[Exercise instructions] From the records below, output exactly the lines starting at the line with "Front Squat - A" and ending at the line with "While we waited", both of them included, but no pictures.
-=-=-=-=-
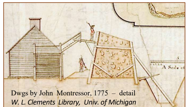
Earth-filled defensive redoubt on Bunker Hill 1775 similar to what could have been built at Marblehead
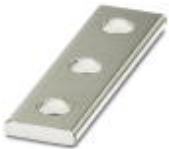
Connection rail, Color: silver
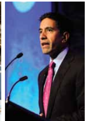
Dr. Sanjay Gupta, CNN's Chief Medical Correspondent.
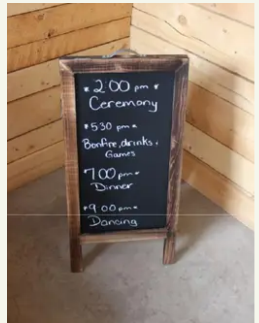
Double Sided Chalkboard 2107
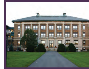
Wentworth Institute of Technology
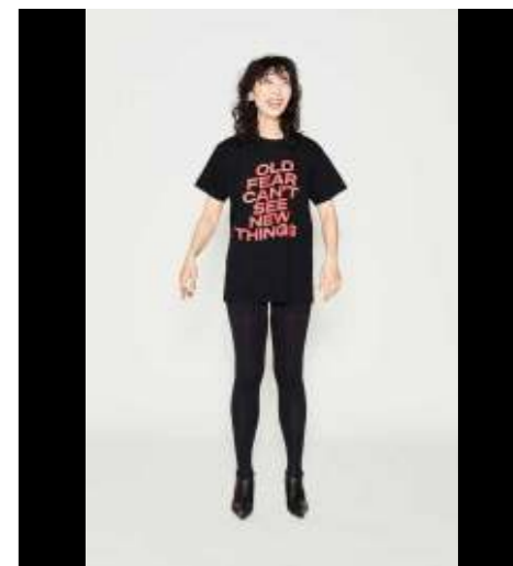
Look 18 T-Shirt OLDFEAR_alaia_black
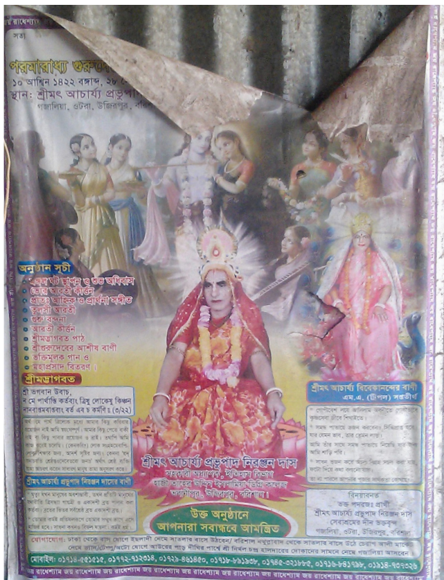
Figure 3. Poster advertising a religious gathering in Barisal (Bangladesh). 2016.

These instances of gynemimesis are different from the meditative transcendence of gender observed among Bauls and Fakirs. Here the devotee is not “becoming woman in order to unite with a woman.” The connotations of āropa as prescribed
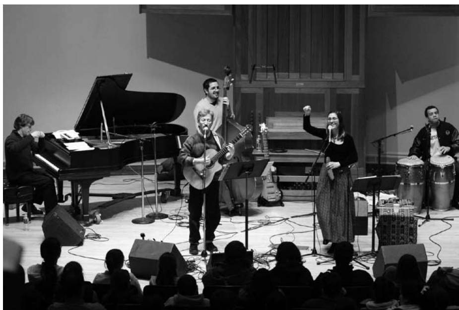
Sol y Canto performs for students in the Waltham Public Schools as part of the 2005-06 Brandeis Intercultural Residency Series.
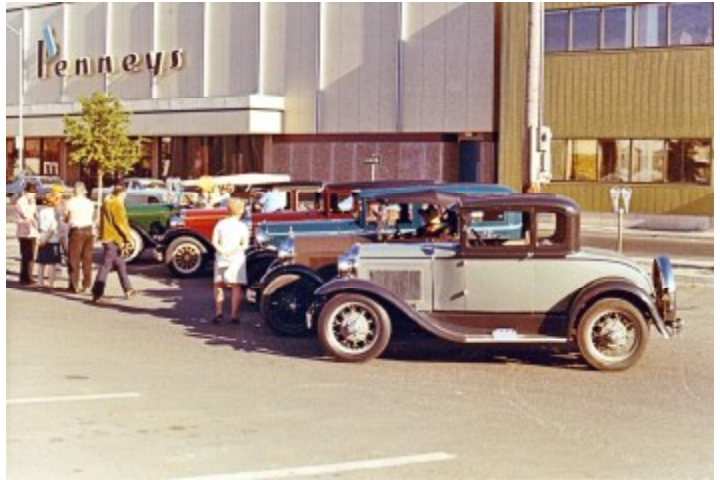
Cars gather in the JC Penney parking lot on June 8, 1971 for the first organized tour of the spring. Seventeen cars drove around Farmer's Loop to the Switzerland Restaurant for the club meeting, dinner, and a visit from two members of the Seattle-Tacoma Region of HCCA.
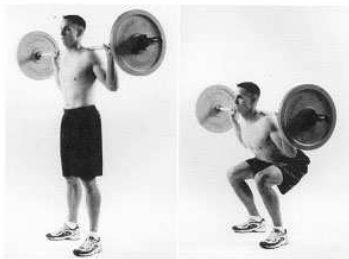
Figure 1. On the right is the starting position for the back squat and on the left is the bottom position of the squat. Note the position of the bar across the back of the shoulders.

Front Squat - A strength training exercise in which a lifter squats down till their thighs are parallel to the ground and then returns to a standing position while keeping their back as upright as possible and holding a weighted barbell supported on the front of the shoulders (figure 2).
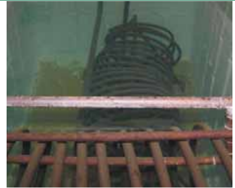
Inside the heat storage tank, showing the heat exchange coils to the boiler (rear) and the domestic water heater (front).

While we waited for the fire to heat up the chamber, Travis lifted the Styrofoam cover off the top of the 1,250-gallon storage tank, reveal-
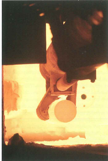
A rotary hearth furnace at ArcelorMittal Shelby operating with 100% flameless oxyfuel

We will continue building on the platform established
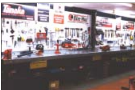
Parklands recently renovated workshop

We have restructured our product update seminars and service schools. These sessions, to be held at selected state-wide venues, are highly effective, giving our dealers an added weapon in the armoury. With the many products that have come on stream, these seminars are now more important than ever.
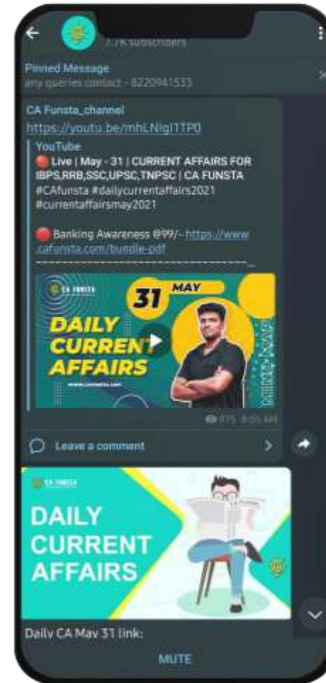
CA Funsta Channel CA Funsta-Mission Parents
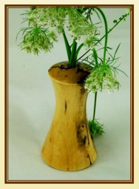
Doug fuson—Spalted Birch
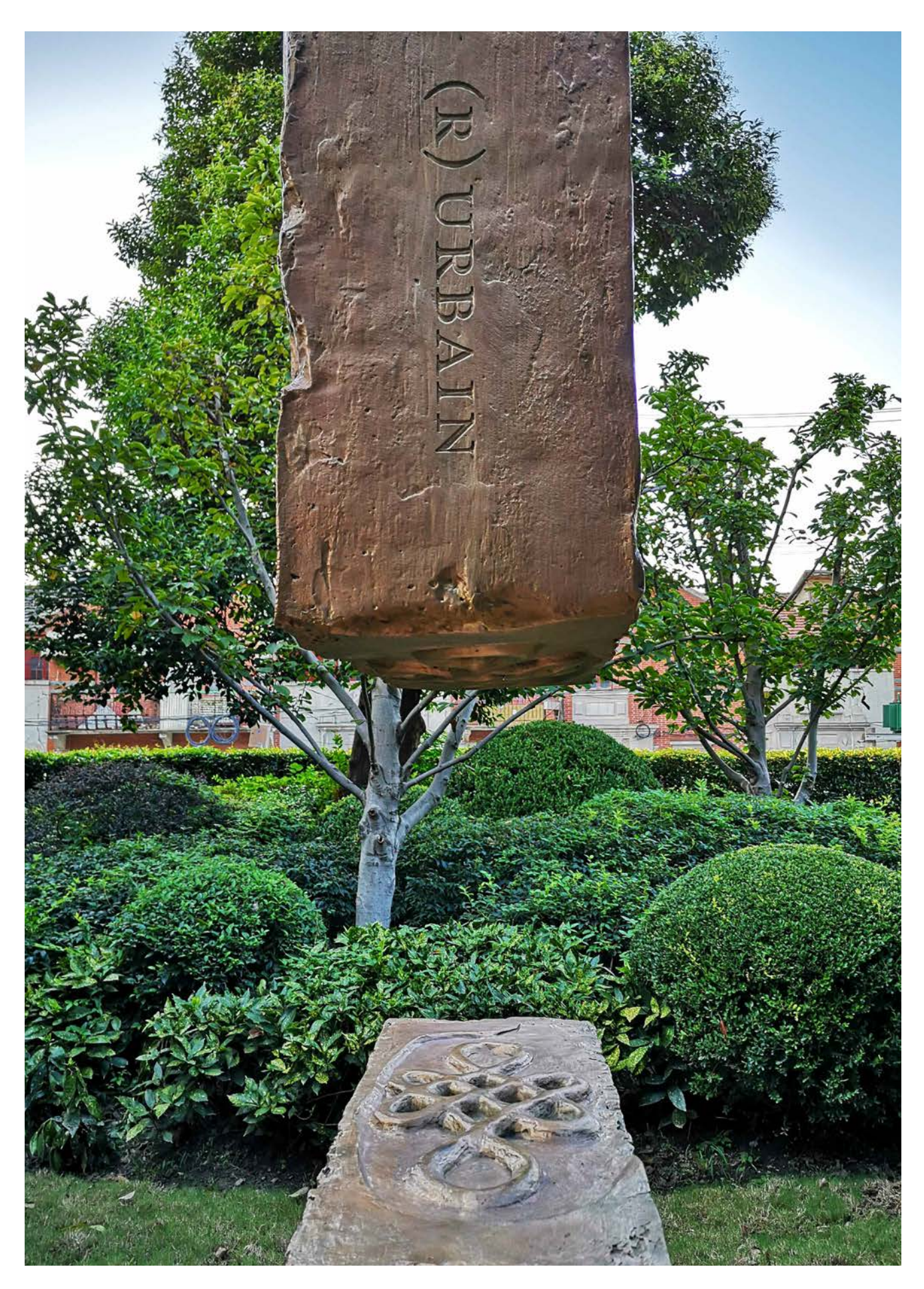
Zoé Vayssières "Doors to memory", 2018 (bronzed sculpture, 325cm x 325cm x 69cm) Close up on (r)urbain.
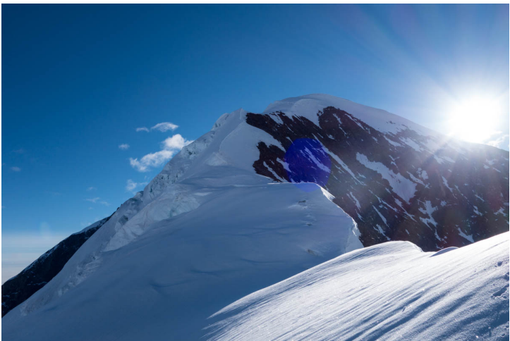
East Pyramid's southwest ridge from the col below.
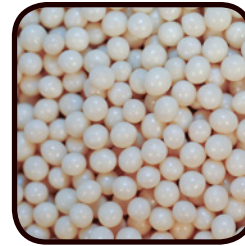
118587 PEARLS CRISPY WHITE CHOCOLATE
-=-=-=-=-
[Response area]
Front Squat - A strength training exercise in which a lifter squats down till their thighs are parallel to the ground and then returns to a standing position while keeping their back as upright as possible and holding a weighted barbell supported on the front of the shoulders (figure 2).
Inside the heat storage tank, showing the heat exchange coils to the boiler (rear) and the domestic water heater (front).

While we waited for the fire to heat up the chamber, Travis lifted the Styrofoam cover off the top of the 1,250-gallon storage tank, reveal-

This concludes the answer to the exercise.